Peter Franklin, associate editor of the news and opinion website UnHerd, examines the reasons why several traditional Conservative seats in the English countryside surrounding London went to the Greens in the country’s recent general election. Writing for Conservative Home, he says: “The outflow of young, left-leaning professionals from London to more affordable locations beyond the capital brings a harvest of votes for Green candidates in Tory seats. The last decade or so has seen the greying of city populations (including London) while in some parts of the greater south-east the share of young adults has increased. In this regard, the eastern part of East Anglia stands out as a rejuvenating area. It was also an electoral disaster zone, featuring a string of Tory losses to Labour, Reform and (in Waveney Valley) the Greens.” Elsewhere, an editorial in the Sun defends a decision to hand Just Stop Oil protesters record prison sentences for a Zoom call where they planned to disrupt the M25, saying: “Spare us the millionaire luvvies’ facile whining about Just Stop Oil’s jail stretches.” In addition, the Daily Telegraph has a column titled: “Don’t blame climate change for killing British butterflies.” [There is lots of scientific evidence to suggest climate change is among the factors threatening British butterflies.]
An editorial in the Los Angeles Times calls out misinformation being spread by former US president Donald Trump and oil and gas companies in the US, saying: “Oil companies are worried that federal incentives and the growing popularity of electric vehicles will eat into their profits and threaten their stranglehold over energy consumption. Former President Trump and other Republican politicians want to exploit consumer and autoworker anxieties about the transition to zero-emission vehicles to help them win in November. That’s why both the fossil fuel industry and the [Republican party] are spreading the same lie that the Biden administration is banning gas cars. This self-serving effort to deceive voters is shameful, even for those whose peddling of disinformation has become sadly expected.”
New climate research.
Periods of drought over 2003-20 in the contiguous US led to a “considerable decline” in hydroelectricity generation, a new study says, which amounted to approximately 300m MWh and an estimated loss of $28bn to the sector. The findings also highlight an “adverse environmental effect” of drought-induced reductions in hydropower as they are “often compensated by increased reliance on natural gas usage, which led to substantial emissions of CO2”, the authors say. Finding a “robust correlation” between hydrologic drought and hydroelectricity generation, the study identifies “Washington and California as the most vulnerable states, while Nevada exhibits the least vulnerability”.
“Harnessing the power of numbers” could increase public trust and concern around climate change in social media posts, a new study suggests.
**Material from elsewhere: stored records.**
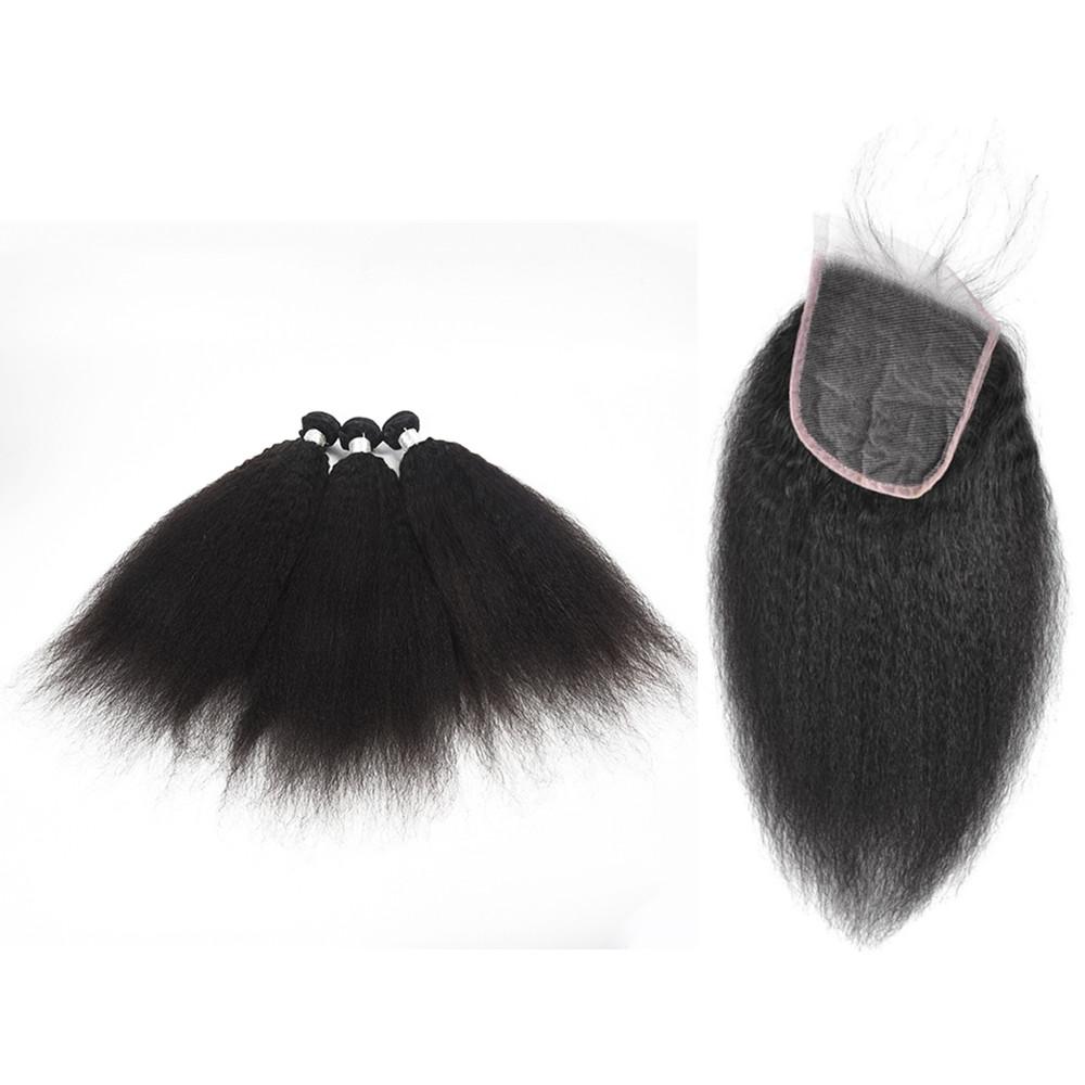Wolf king kinky straight wave 3 bundles with 5*5 HD transparent closure natural color virgin human hair weft
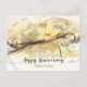 Artistic color combination in gentle beige, yellow, green, brown and vanilla colors and a calligraphy script Happy Anniversary.
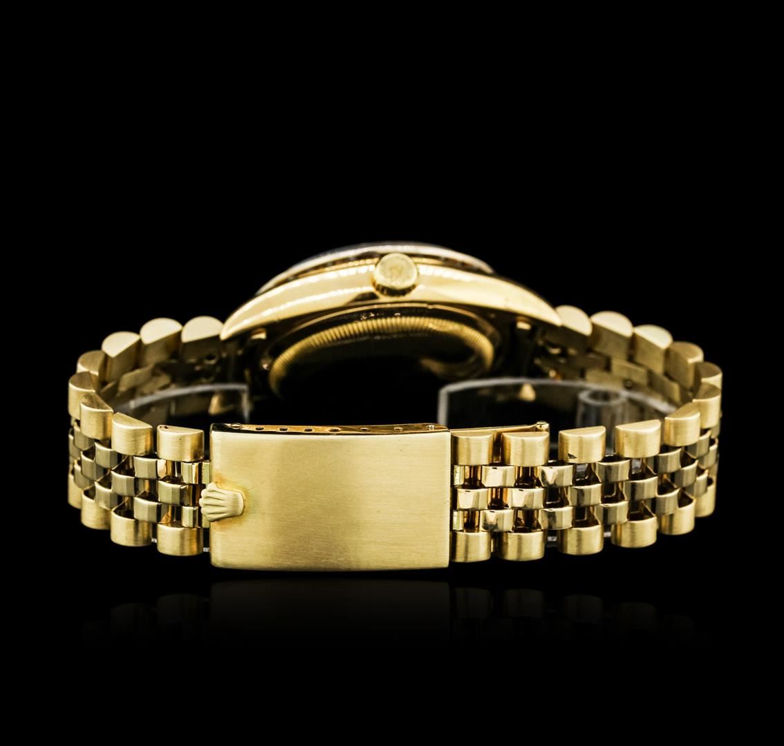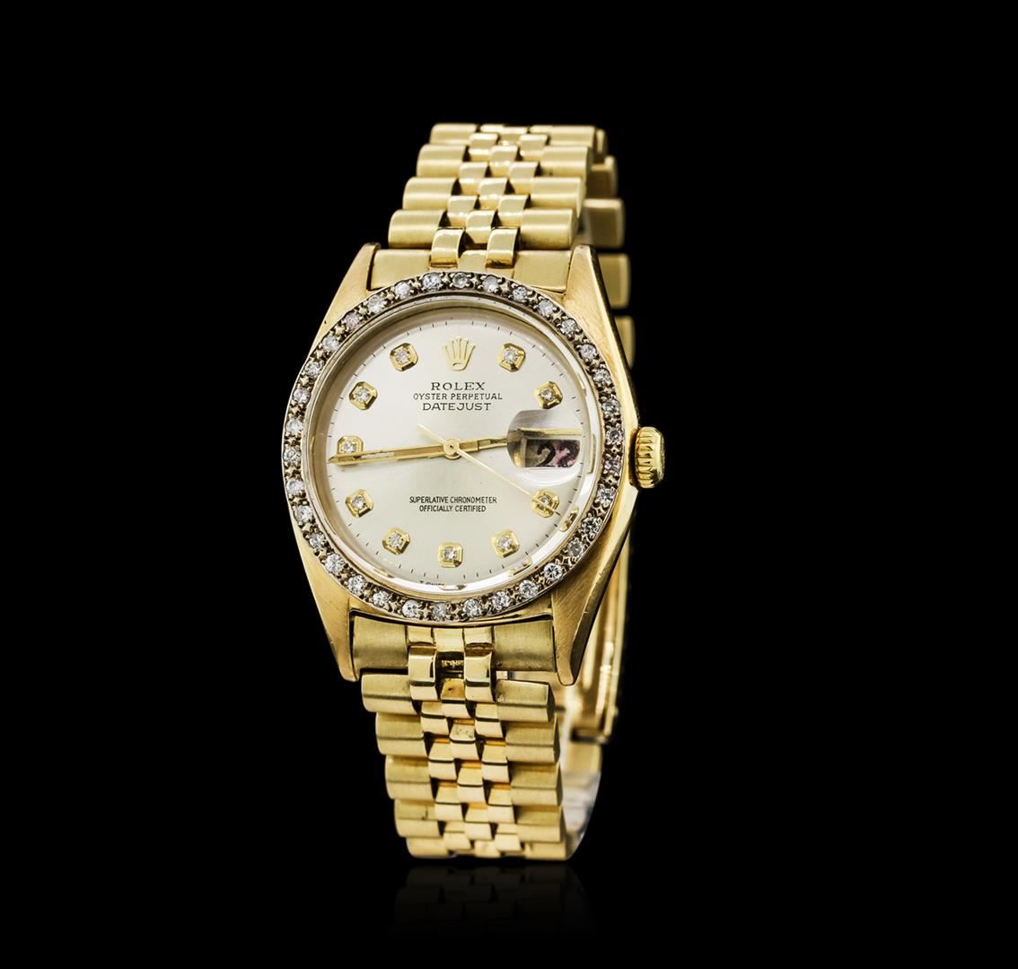 One gents, hand crafted & machine milled Rolex DateJust Model wristwatch electronically tested. 18KT yellow gold, Case: 35mm oyster, 18KT yellow gold Crown: twin lock with logo, Custom Bezel: diamond set, Crystal: acrylic cyclops lens. Movement: superlative chronometer, Custom Dial: Silvered, with baton hands & diamond markers, Date Window: 3 o'clock position non-quick set, Custom Date Wheel: Red numerals, Bracelet: 14KT yellow gold, bright & satin finish, Condition: G-4 Average. Seven and one half inch length. Standard clasp, with logo. Containing: Thirty Four prong set round brilliant cut diamonds, approximate total weight equals 0.80ct. Set & graded in the bezel. Clarity I-1 to I-2. Color G - I. Total Weight of Diamonds 0.80ct. Total Weight of Watch 107.03 grams. AIG appraised at $14,000.00. AIG Appraised at $14,000.00.
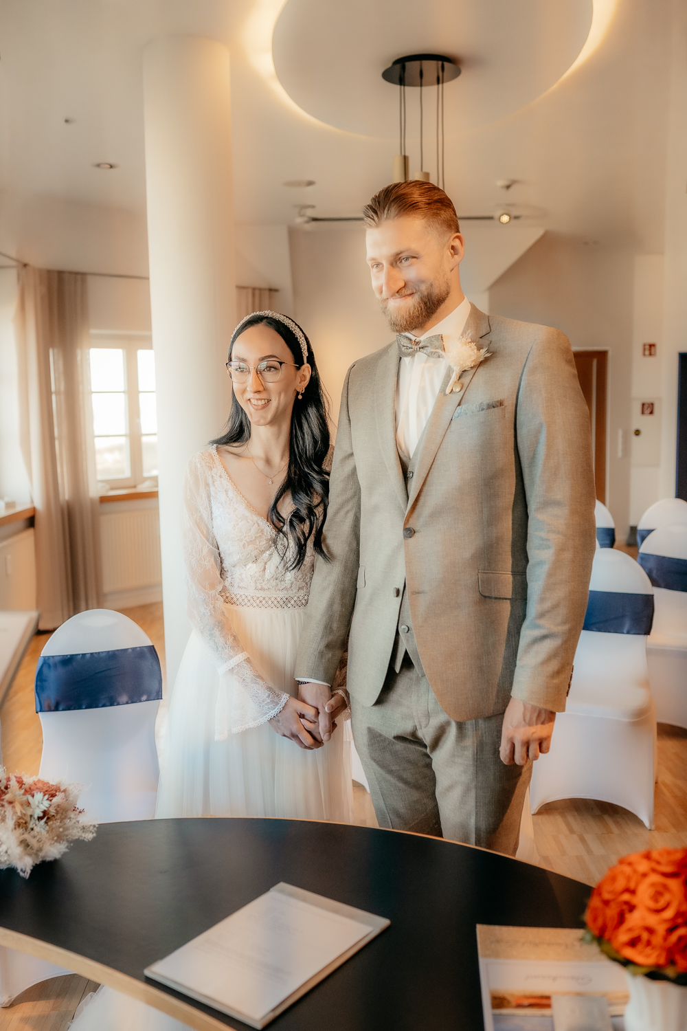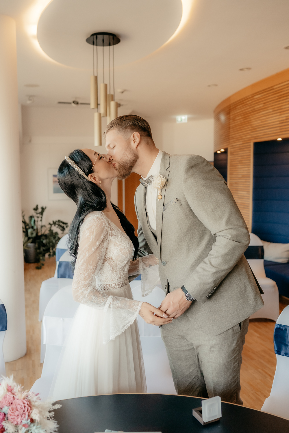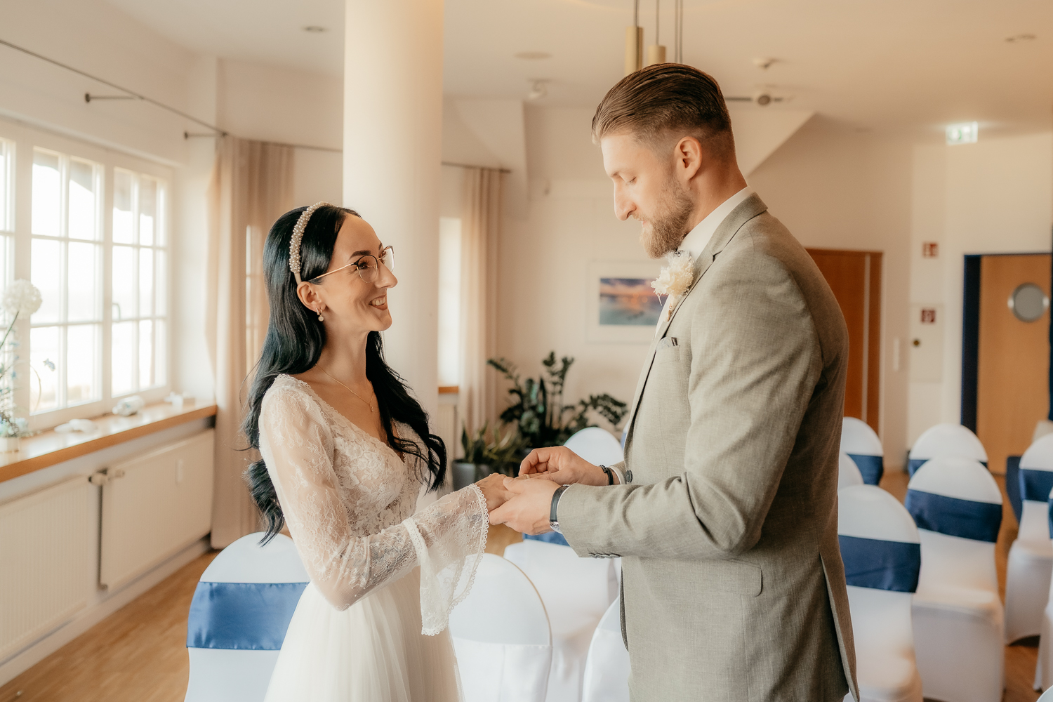 Die Trauung im Kurhaus Zingst war so natürlich und entspannt, wie man es sich für eine kleine Herbsthochzeit nur wünschen kann. Warme Atmosphäre, Blick auf die Ostsee und die Seebrücke – perfekter könnte man in Zingst heiraten kaum.

Assessing more the 8m tweets by climate scientists and 17,000 posts on a climate subreddit, the researchers find that the presence of numbers “increased sharing up to 31.7% but, counter to hypothesis, decreased liking of messages 5.2%”. The authors suggest that “the decreased liking was due, not to reduced engagement, but to more negative feelings towards climate-related content described with numeric precision”. A further experiment with 212 participants finds that using numbers on the consequences of climate change “led to more sharing, wanting to find out more, and greater trust and perceptions of an expert messenger”.